We are also talking about professors, established business people, politicians, chief executives, groups of persons, among others who, for most of these opportunities presented them to travel, it is only for them to move away for a moment and then return to their home countries.

Now, it makes it a difficult thing to believe that attempts by people of repute to travel to some of these European countries, not for fun or pleasure, but mainly for work, can be so denied on such grounds as the suspicions that these people will not return. That is an insult indeed!

Is that what the case in reverse looks like when people from such countries want to visit anywhere in Africa, or, accept invitations to attend similar conferences, workshops or teaching and learning openings here?

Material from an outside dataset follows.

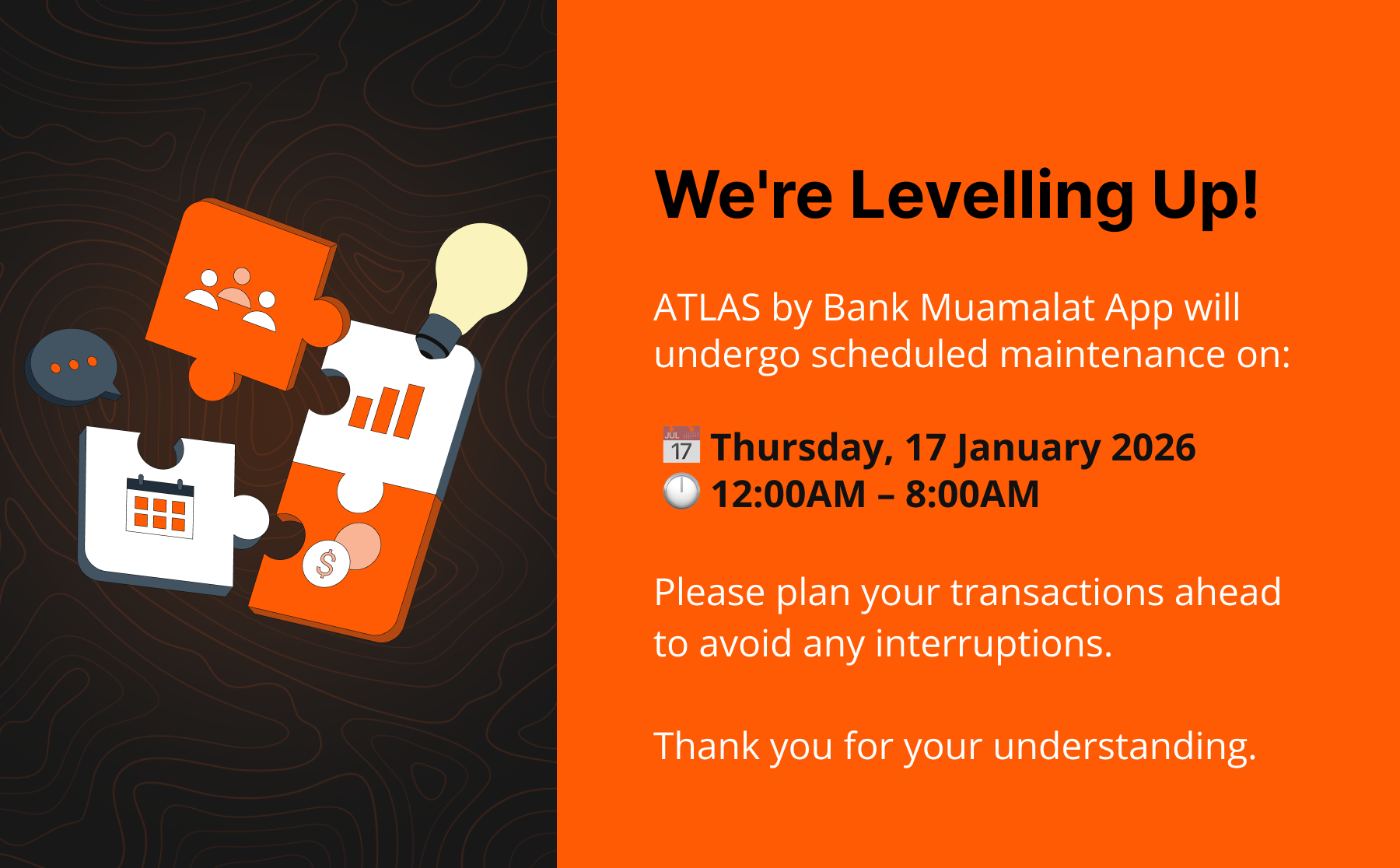 To access, subscribe or utilise certain products and services of ATLAS Digital Banking, you will be required to provide your personal and/or financial information (“information”) to Bank Muamalat Malaysia Berhad (“the Bank”). The detail and types of information required will depend on the specific product or service. Such information may include your personal information such as your full name, identification number, contact address, contact number and/or your financial information such as your income, assets, liabilities, credit card information, etc. The information required is necessary for identification purposes and to effectively and efficiently provide you with ATLAS’s products or services.

Africa is changing and the people of Africa are as well. There should be no justification for people who, regardless of their positions in society, are able to meet all the basic requirements for applying for visas, to be treated as if they are just interested in running away to a new land.

It is true that until recently, for many people of African descent, traveling to places like these for “greener pastures” was almost fashionable but then, in 2019, these greener pasture is no longer a location outside Africa. If that was actually the case, why is everybody fighting so hard to establish their place in Africa once again, many decades after the first Europeans settled on the shores of Africa?